StarCraft Taught Me How to Code
It was the year 2000. I regularly hung out with my best friend, Mike. His older brother, Bobby, was always in the office using the computer. He was playing StarCraft. I was really captivated by it. Bobby commanded massive armies and used them to destroy enemies from an isometric point of view.
Bobby never left the computer long enough for me to give it a try, but Mike said they have it for the N64. We stayed up until 7 in the morning the next day playing it. It was terrible. An RTS on a console was an abomination. A mouse and keyboard was a necessity. But I was 10 years old and I didn't care and we couldn't stop playing.
I eventually got the game for my own computer. It was the fist online game I ever played. Battle.net was a super highway to another dimension. I could play with anyone—from the east coast to the west coast, Europe to Asia. It was easier to find people with similar interests than on the Web.
You could essentially create your own game using StarCraft assets. It taught me logic and how to code.
The game was fun. But the thing that became my favorite was its campaign editor. You could essentially create your own game using StarCraft assets. It taught me logic and how to code. You would create conditional statements, and if conditions were met, then something would happen as a result.
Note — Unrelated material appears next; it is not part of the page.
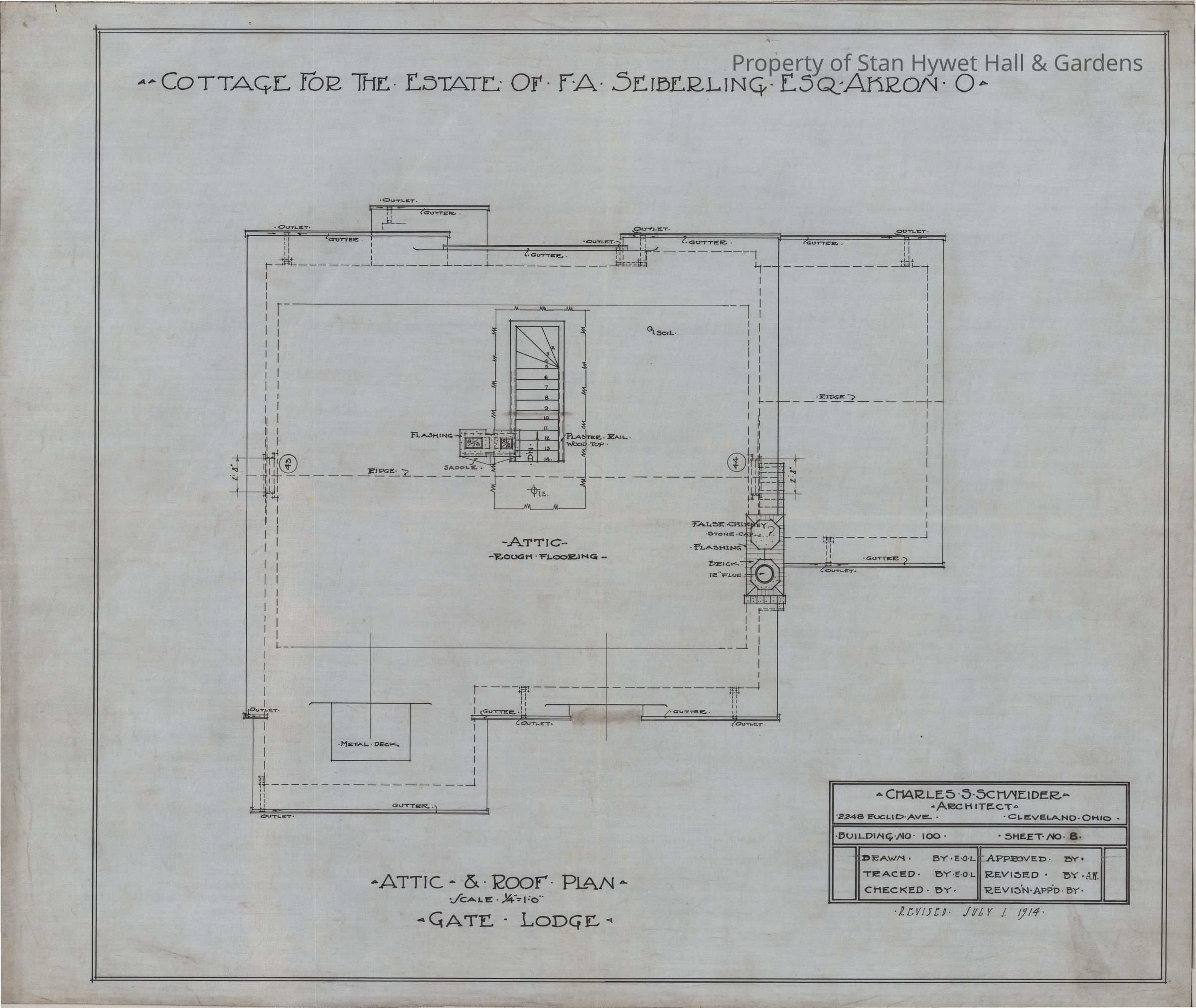 Historic Blueprint: Attic and roof plan for Gate Lodge. Titled "Cottage for the estate of F.A. Seiberling, ESQ, Akron O"
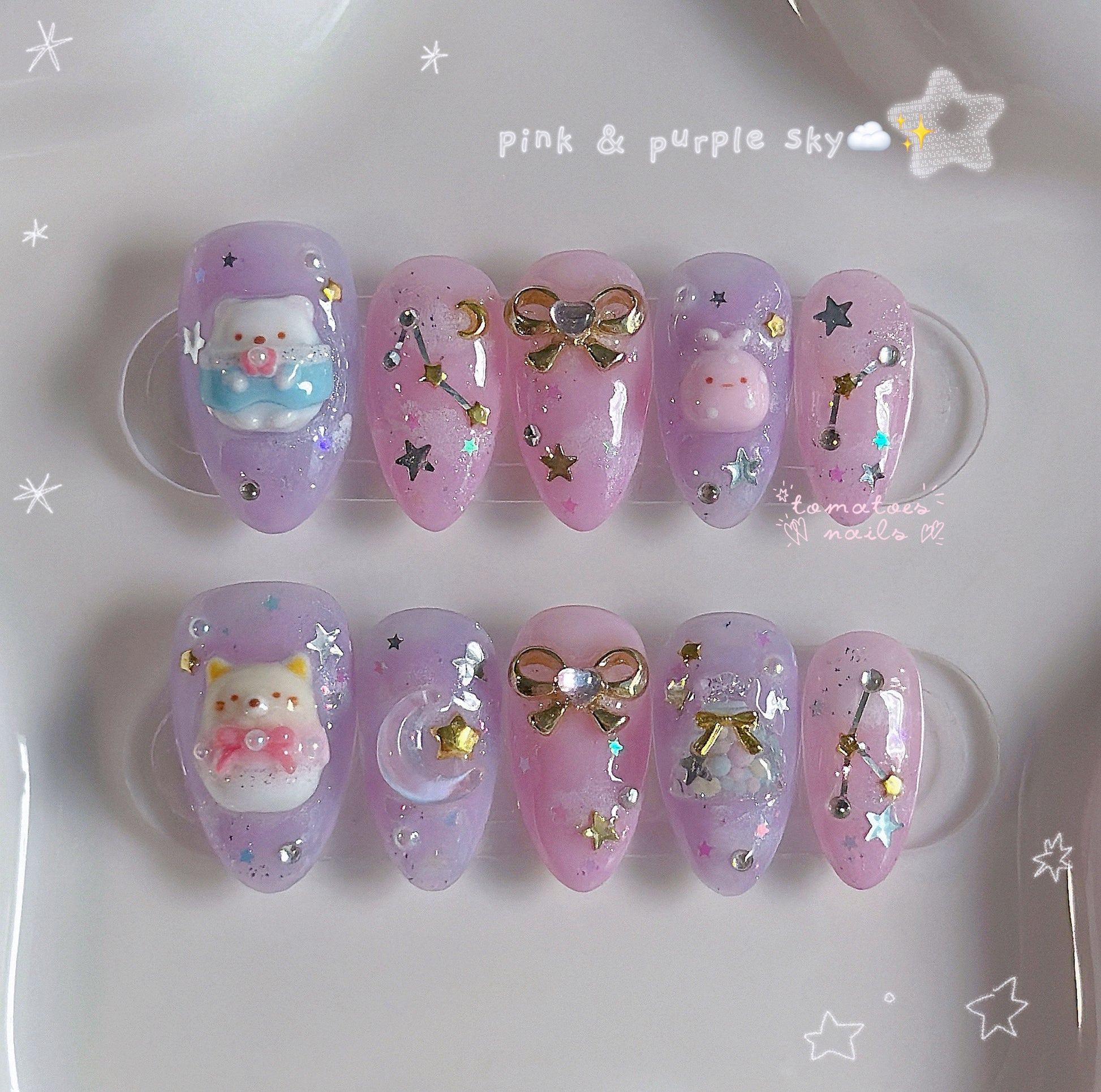 If you order a shorter nail length, some charms will need to be adjusted to make the design look pretty and fit on a smaller nail tip ʕ•́ᴥ•̀ʔっ.

When you played other peoples' games, you first downloaded them and they would go in a specific folder that you could open in the campaign editor. Sometimes people used mods that would lock you out and prevent you from reading their logic, but most of the time you could learn from them and see how the games worked.
I read a lot of other peoples conditional statements, copied them and saw how they functioned. I learned a lot about triggers, making things happened at certain times, or causing something to happen when someone brings something to a specific place.
I give a lot of credit to StarCraft for my love to code and build things for the Web.